Río Estelar No Visitado en Sueños: —Ejem, hermanos mayores del Cuerpo de Esqueletos, ¿dónde están? ¿Se les ha caído el tanque a un hoyo? He estado esperando tanto tiempo que mi chicle se está convirtiendo en goma.

Elena: —Ejem, nos encontramos con una división blindada, pero ya está solucionado… ¿Y a ti qué te pasa? ¿Por qué te conectaste? ¿Y qué pasó?

Río Estelar No Visitado en Sueños: —Eh, no había opción, nos mordió un avión de combate, esquivar una ráfaga de ametralladora y un misil de tipo desconocido ya fue todo un logro.

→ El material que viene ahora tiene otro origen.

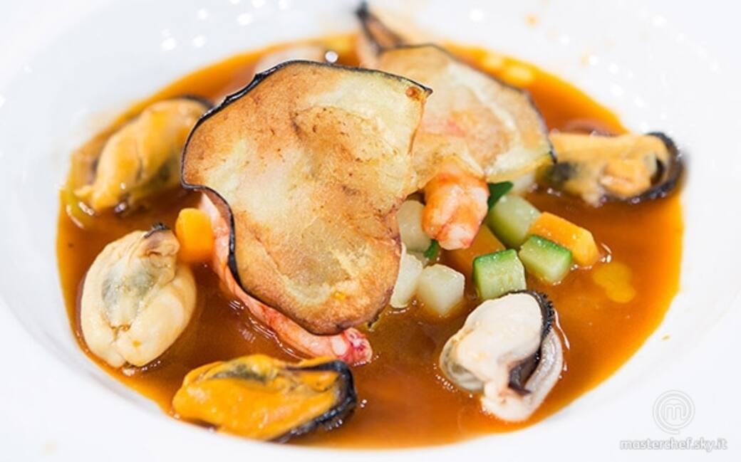 Condire la catalana di verdure con un filo d'olio, un filo d'aceto, sale e pepe. Comporre il piatto mettendo sul fondo il guazzetto di teste, quindi adagiarvi cozze e vongole con la dadolata di catalana e in cima i gamberi glassati; finire il tutto tagliando la melanzana a dischi molto sottili, poi friggerli fino a ottenere delle chips. Appoggiare queste ultime delicatamente sopra ai gamberi.

Cuervo: —¿Eso significa que la bomba nuclear está a punto de despegar? Σ(゜ロ゜;)

Teng Teng: —¡¡!!

Charla Corta Tonterías: —¿¡Hostia santa!?

Los jugadores que vivían la acción desde la barrera estallaron en un instante.

Río Estelar No Visitado en Sueños: —Ejem, antes de desconectarme, disparé el último misil hacia el aeropuerto, aunque puede que se haya pasado un poco del alcance… ¡pero no debería ser un gran problema!

Rey Gnomo Riquezas: —¿Un solo misil? ¿Tiene suficiente potencia?

Río Estelar No Visitado en Sueños: —¡Carga de hidrógeno metálico, hermano! ¡Eso es hidrógeno metálico! ¡Definitivamente suficiente! T.T

Ni siquiera era necesario impactar directamente en el avión, con solo hacer un agujero en la pista del aeropuerto, el avión quedaría naturalmente en tierra.

Elena: —Oye, me alegro de oír eso. Por cierto, ¿dónde está Pluma Caída? ¿Por qué no he visto a ese tipo? (Divertido)

Río Estelar No Visitado en Sueños: —emmm… No estoy seguro, yo también me lo estaba preguntando.